For years people have talked about the risks of playing computer games, but now there’s a great reason to keep on gaming. With recent advances in AI technology, video games now provide the perfect setting for artificial intelligence to train.
Since AI relies on vast amounts of data to be successful, the more you play, the more opportunities you create for computer science to break new ground in the quest to understand how the human mind works.
It may seem surprising, but gameplay importance within AI has always been central. Although it might not seem important to learn how to make a computer intelligent enough to beat a human at a game, it is an easy way to quantify the effectiveness of AI algorithms and can lead to breakthroughs beyond gaming.
The first game researchers sought to teach AI to master was chess using a brute-force method of learning whereby millions of moves and sequences were analysed before every move. When this AI method finally beat a human world chess champion in 1996 many believed it would take a century for AI to master more complex games, such as the Chinese game ‘Go’ due to the fact it has more possible moves than atoms in the universe.
This didn’t put Google off trying though, and in just 20 years they had designed ‘AlphaGo that beat the world Go champion 4-1 in a best of five contest. However, this AI was designed entirely differently and focused its energy learning the way humans play, rather than analysing every possible combination to play. This has also opened the doors to the next frontier of teaching AI to deal with real-time decisions and incomplete information.
Lessons from gaming
Lessons from gaming have helped computer scientists take AI to the new levels beyond the boundaries of gaming. A pivotal branch to develop has been the development of new ways to work with language. As AI has become increasingly intelligent and more and more data has been collected and tagged online Natural Language Processing (NLP) and even Natural Language Generating has become possible.

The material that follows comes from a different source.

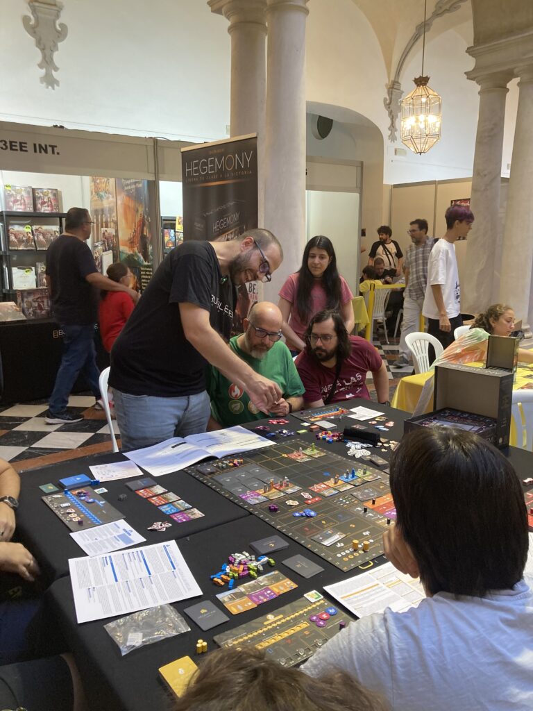 También pasé tiempo en mayor o menor medida con editoriales y se nota que aunque son empresas y es su trabajo, los juegos de mesa es su gran pasión y es algo que aprecias con pocas palabras que cruces con ellos, si estás unos minutos conversando no te queda ninguna duda al respecto. Además de la antes nombrada Tranjis Games, querría destacar especialmente a Devir que me permitieron asistir a su presentación de novedades para 2024 en donde nos mostraron sus próximos lanzamientos de juego propio (tenéis un reel que hicimos en instagram ese mismo día) y con quienes pasamos parte de la tarde del sábado en su ya clásico Devir Show donde conseguimos un Cometas que curiosamente no salió volando; pude tener unas buenas charlas con los editores de Delirium Games y los editores de Bumble3ee Interactive de la mano de Owen, quien el viernes por la tarde estuvo explicando Hegemony para estos últimos; en menor medida, porque el tiempo dio para lo que dio, también pude mantener unas breves conversaciones con personal de Mercurio, 2Tomatoes y Rocket Lemon Games; estuvieron muchas más presentes pero no llegué a tener un contacto con ellas más allá de saludar por los pasillos o al cruzarnos con lo que seguramente me olvide de alguna si intento nombrarlas a todas.

This has implications for almost every industry as AI reaches the stage of a neural network that is capable of learning on its own and make connections without relying on pre-defined algorithms. AI has begun to be used in the legal world, to assist doctors with diagnoses, improve cybersecurity, and even improve weather forecasting to make blaming it on the weatherman a thing of the past.
How has AI learned so quickly?
With the explosion of the internet and the advances in smart-phones, we are almost all feeding into AI learning every single day. One example is the “Captcha” prompt that often appears when filling in forms requesting you to prove your humanity. However, Google Captcha is using humans to train by helping computers learn the answers to questions it can’t answer alone and distributing the effort across the globe.
The “reCAPTCHA” programme was designed in 2007 and has already been able to digitise the entire archive of books in Googles Books records and has now moved on to digitizing imagery by using snippets from Google street view. As more and more images are tagged and fed to Googles AI, the more effective it becomes at understanding what’s what from imagery as well as words. This understanding is directly feeding into the advances in driverless cars.
How is AI being used today?
So if the written word has already been mastered and imagery is on the cards, what about the spoken word? How else are apps and the internet making use of data to change how we all experience today? Here are some of the top apps using AI in innovative ways that you are probably already using:
- Siri & Alexa Both Siri and Alexa are laying the groundwork for understanding natural language in the spoken form while also offering us immediate assistance by providing directions and organising our calendars as well as making it easier to listen to our favourite songs and turn our homes into smart ones. Machine-learning technology used by these AI’s means they get more intelligent, at least in the ‘knowing more’ sense, the more we interact with them.
- Netflix The rise of Netflix has been nothing short of meteoric, and this is in no small part due to its creative use of Artificial Intelligence. Using customer reactions to films and analysing billions of records it can suggest movies based on the reactions of previous viewers. The downside of Netflix’s AI is that it leads to clusters around bigger movies and does not adequately balance this in its methodology.
- Tesla These amazing cars are no longer just a way to get from a to b while looking great. All Tesla’s now send data directly to the cloud so if you are wondering ‘can voice assistants in cars gather human input?’ The answer is well and truly yes. However, it is also picking up on driver movements and external data to help build the data required to bring safe driving driverless cars to the roads.
- Pandora & Spotify Just like Netflix, these apps are changing the way we connect with entertainment by enabling past human experiences to guide future expectations. Pandora’s AI is particularly interesting as they first use manual analysis of songs by professional musicians to understand the DNA of songs and help make their recommendations.
- Amazon Amazon has gone from Jeff Bezos’s basement in 1994 to him being richer than Bill gates in 2019 with a net worth estimated at over $110 billion. A key component of this growth has been its use of AI in its transactions. This has helped it to learn what we are interested in based our previous purchases and online activity and they even hope to be able to start preparing to ship products to us before we’ve realised we want them soon.
Playing games has not always been something we are encouraged to spend more time on, but this is an erroneous decision. The more we play games and interact with AI in different ways, the quicker we will see the many advance AI offers, from saving lives in healthcare to driverless cars on the road, AI is bringing the future into the present day.